- Born: c. 1550 Ulcinj
- Died: 1598 (aged 47–48) Trieste
- Citizenship: Venetian
- Education: Jesuit
- Occupations: Commander and spy
- Years active: 1570–1591
- Employer: Venice
- Known for: Being the first Albanian author of Lazaro Soranzos L'Ottomanno (1598)
- Spouse: Maria Bruni
- Father: Gasparo Bruni, the first knight of Malta
- Relatives: Bartolomeo Bruti, Benedetto Bruti and Jacomo Bruti
- Family: Bruni family

= Antonio Bruni (merchant) =

Albanian commander & spy (c.1550–1598)

Antonio Bruni (born c. 1550 - died 1598) was an Albanian commander and spy from Ulcinj, part of the Albanian Bruni family, in the 16th century. He was the uncle of Bartolomeo Bruti. Members of the family worked for the Venetians, the Papacy and the Ottomans. Ottoman conquest of the city forced Bruni eventually to flee to Venice where he was educated by the Jesuits in May 1572 in Rome and he was a doctorate in Avignon. He also worked for one of his cousins in Moldavia. Bruni's father was Gasparo Bruni, the first knight of Malta and the commander of the Papacys fleet during the Battle of Lepanto. In August 1591, Bruni returned to Koper and was elected as the overseer of the grain store.

== Petru Schiopul ==
Petru Schipoul, Voivod of Moldavia, abandoned his throne and fled to Habsburg territory where he contacted Bruni in Koper in 1592, according to a letter which Bruni presented to the elected pope Clement VIII in Rome. Before Petru Schipouls decision to leave, he received a loan of 11,300 ducats in advance from a Ragusan merchant in Moldavia named Giovanni de Marini Poli who had come to collect sheep and cattle.

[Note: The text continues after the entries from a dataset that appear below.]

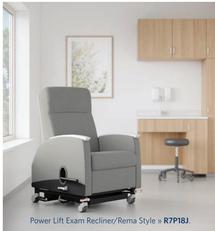
Power Lift Exam Recliner/Rema Style » R7P18J.
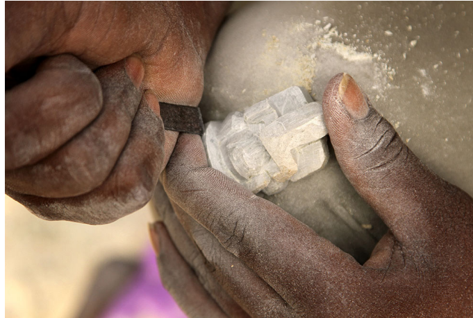
The stone's nature is soft enough to be carved without the pressure of hammer on the chisel.
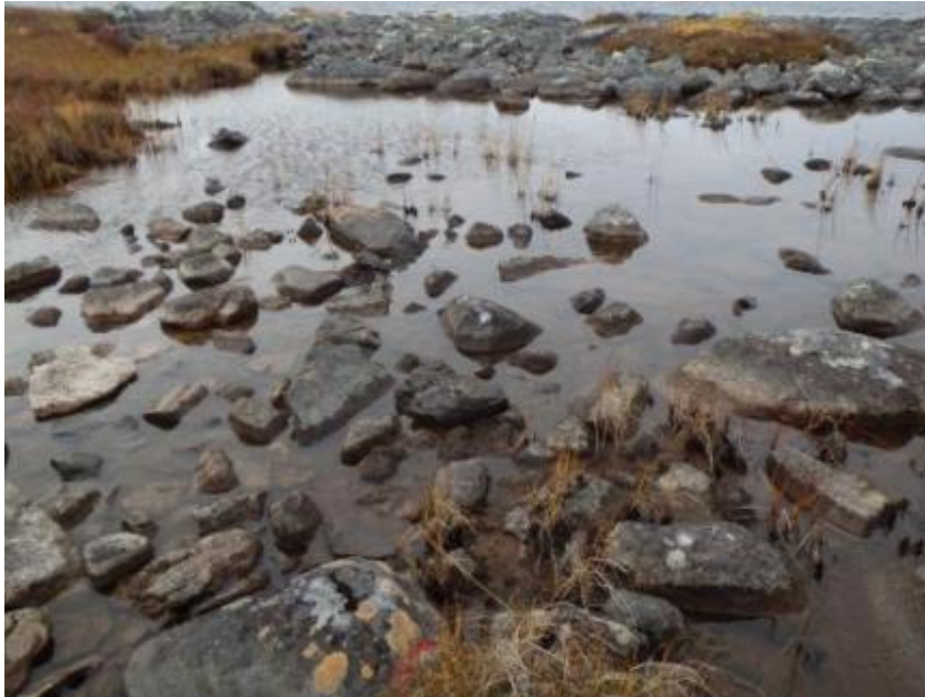
Photo B-78 Stream C3 Run Habitat Facing Northeast at 537369E 7165556N, Lake C2 in Background, September 12, 2013
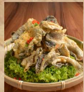
Salted Egg Fish Skin 16.90 咸蛋鱼皮
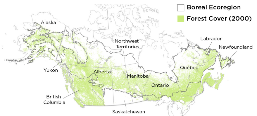
FIGURE 1. The Boreal Biome

The boreal region of North America, spanning the United States and Canada. Forest cover denotes forested land as of 2000.
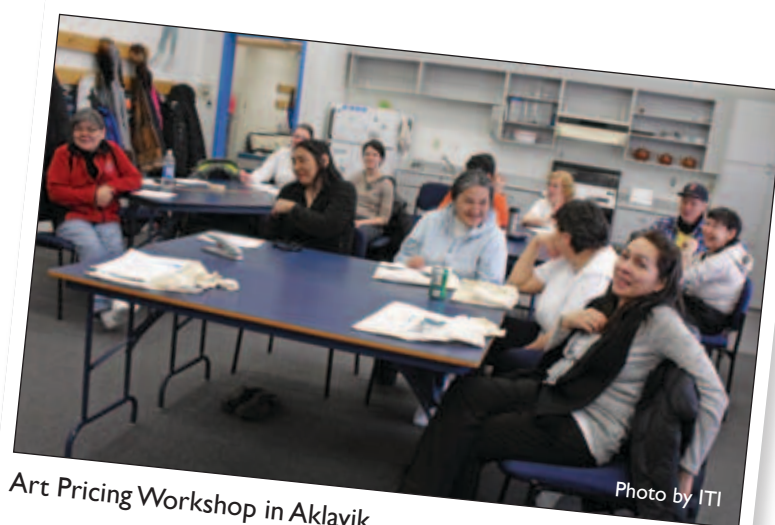
Art Pricing Workshop in Aklavik.
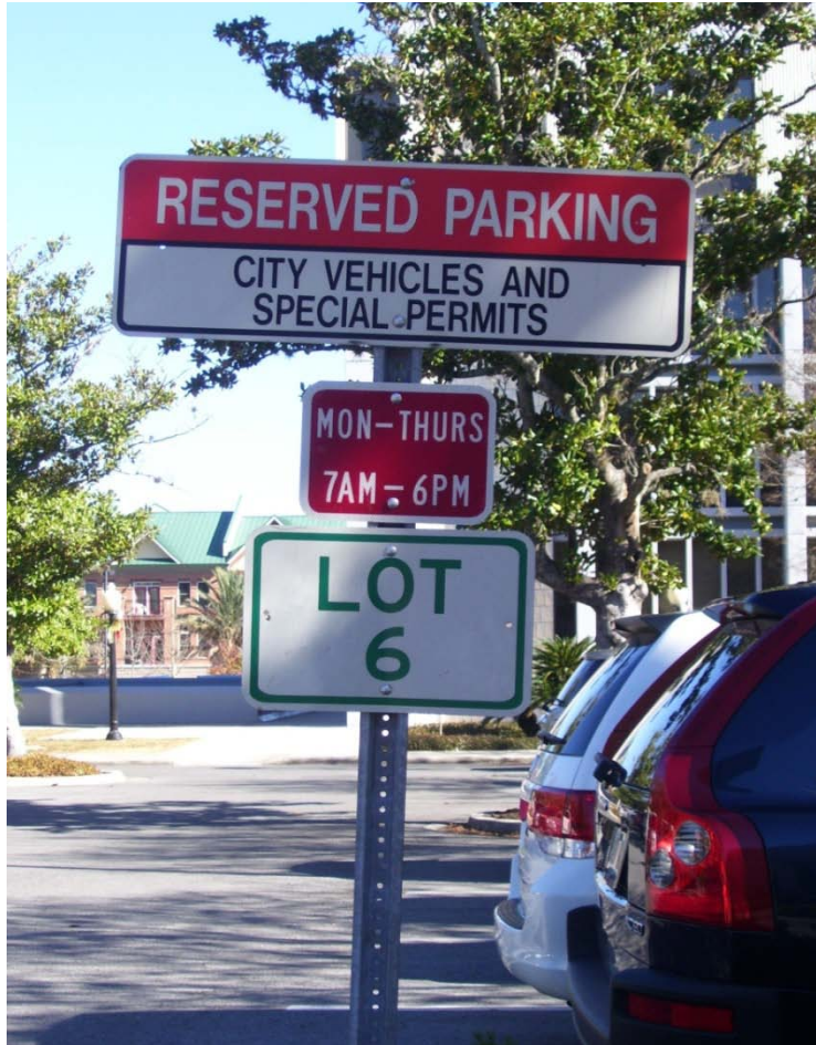
City Hall – Lot 6
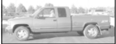
1999 Chevrolet Ext 4x4
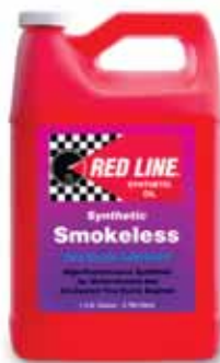
40903 Smokeless Two-Cycle Lubricant - 16oz 40905 Smokeless Two-Cycle Lubricant - gallon 40906 Smokeless Two-Cycle Lubricant - 5 gl
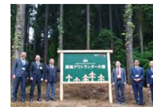
Signboard unveiling ceremony at "Okazaki Outlander Forest" (Okazaki, Aichi Prefecture)

Mitsubishi Motors (Thailand) Co., Ltd. (MMTh) and a non-profit organization, the Mitsubishi Motors Thailand Foundation (MMTF), began a reforestation project in FY2021. In 2022, as part of the "Root for Sustainability" project, we planted trees on 40 rai (6.4 hectares) of land in Nakhon Ratchasima province.
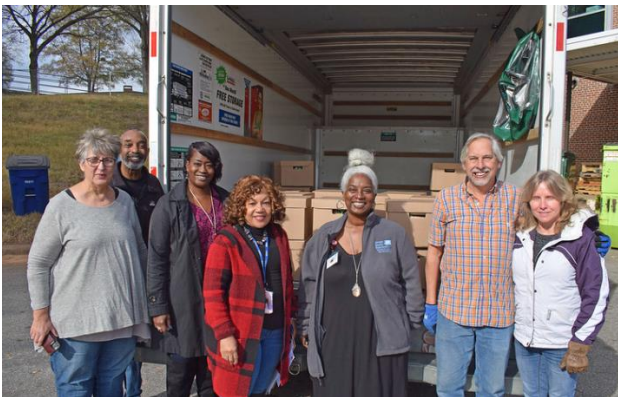
Thank you to Winston-Salem First Church and RestoreOne who donated 50 Thanksgiving meals to Social Services clients!
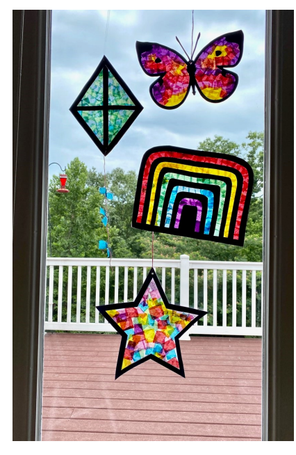
Optimist Patty Meyer's Art Challenge
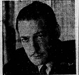
Warren William in "The Mystery of the Howling Dog"
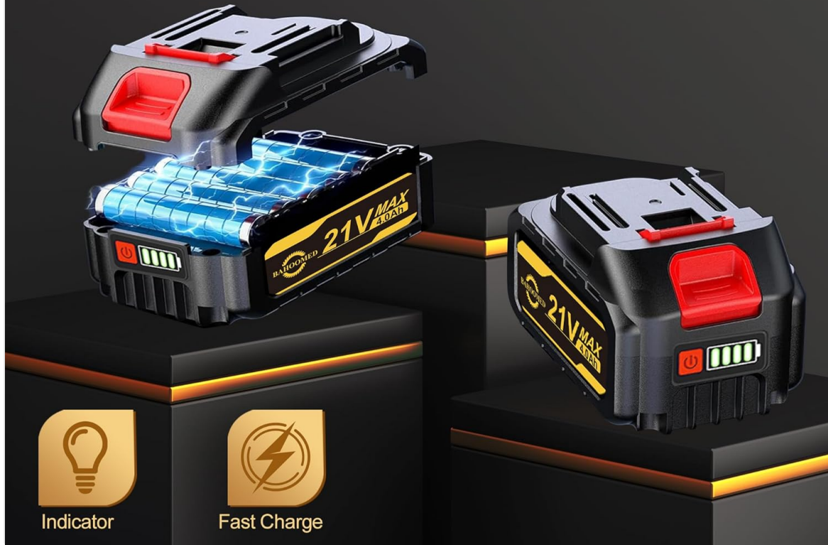
Image 4: Two 4000mAh high-capacity batteries, showing their indicator lights and fast charge capability.

High-Capacity Battery for Longer Operating Time
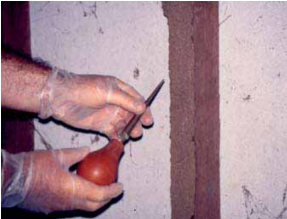
Figure 6: Toxic dust can destroy the termite colony.

Dusting is ineffective against some species of termite, for example Coptotermes frenchi , which tends to avoid disturbed areas.
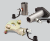
Brake cylinder pressure measurement taps meet AAR Standard S-4020.
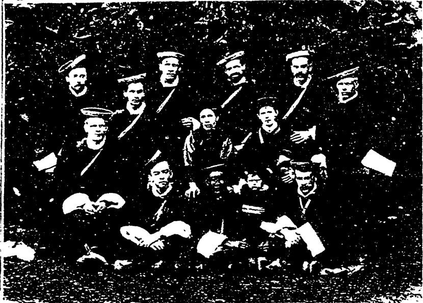
THE ORIGINAL PIONEER TIBETAN MISSION.
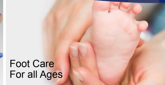
Foot Care For all Ages
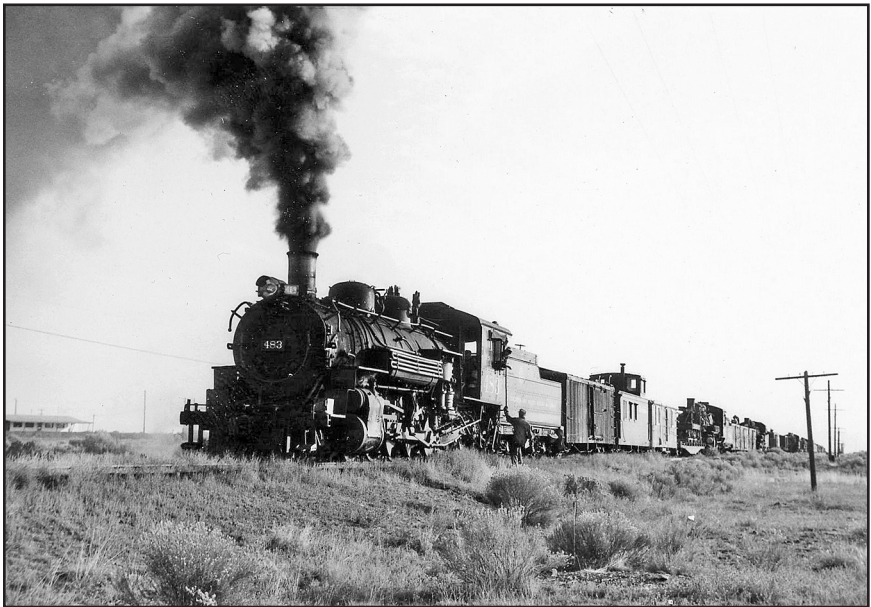
483 and 482 at Antonito along with miscellaneous equipment that will be moved to various sidings west of Antonito on September 19, 1970.
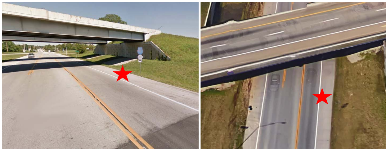
Figure 2. Ground and aerial view of the incident scene. The red star denotes approximately where the driver was standing upon being struck.

The incident scene was the eastbound lane of a two-lane state highway with a central turning lane dividing the two sides. Located just under a 4-lane highway overpass, the road was partially illuminated with streetlights. The roadway was straight, level and dry. The tow truck was parked 2-3 feet from the driving lane. The victim was on the right shoulder of the highway near the lift controls on the left-hand side of his truck. Directly behind the tow truck on the shoulder was a stalled Volkswagen Beetle in need of roadside assistance.
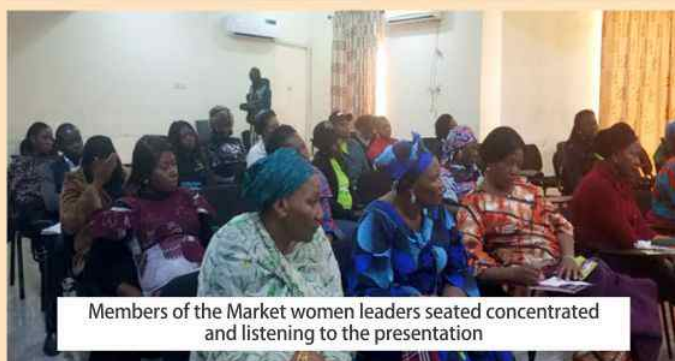
Members of the Market women leaders seated concentrated and listening to the presentation

However Schipoul fled and the new Voivode Aron refused to pay his predecessors debts. Marini Poli pursued Petru for the money and in May 1593, Antonio Bruni traveled to Bolzano where Petru was and made him sign a legal document empowering Antonio to speak and act on Petrus behalf. This proved that Antonio was fluent in Romanian. For seven months Bruni stayed in Tyrol helping Petru with his legal defense in court against Marini Poli. In 1594 Petru died and his family members stripped the house of possessions which Bruni opposed. He also felt a special responsibility for the son of Petru, Stefan. In 1596 he submitted a memorandum to the Austrians suggesting an anti-Ottoman geostrategic plan.

== Death ==
It is believed that Antonio Bruni died from the plague during his travels between Koper and Bolzano in Trieste July 1598. Bruni was the first Albanian to write a general description of Albania which was a major source of information in Lazaro Soranzos L'Ottomanno (1598). Antonio Bruni had an insiders view of the empire; his work had taken him to such places as Vlorë, on the southern coast of Albania, and Constanta, on the Black Sea coast, and he also stayed in Moldavia. In his writings, he identified the ancestors of the Albanians with Goths or Macedonians. Bruni was a friend of Innocentius Stoicinus, bishop of Lezhe in August 1596. According to Mekjashi in 1603, Bruni had intervened in Rome to save Stoicinus from punishment for immoral behavior.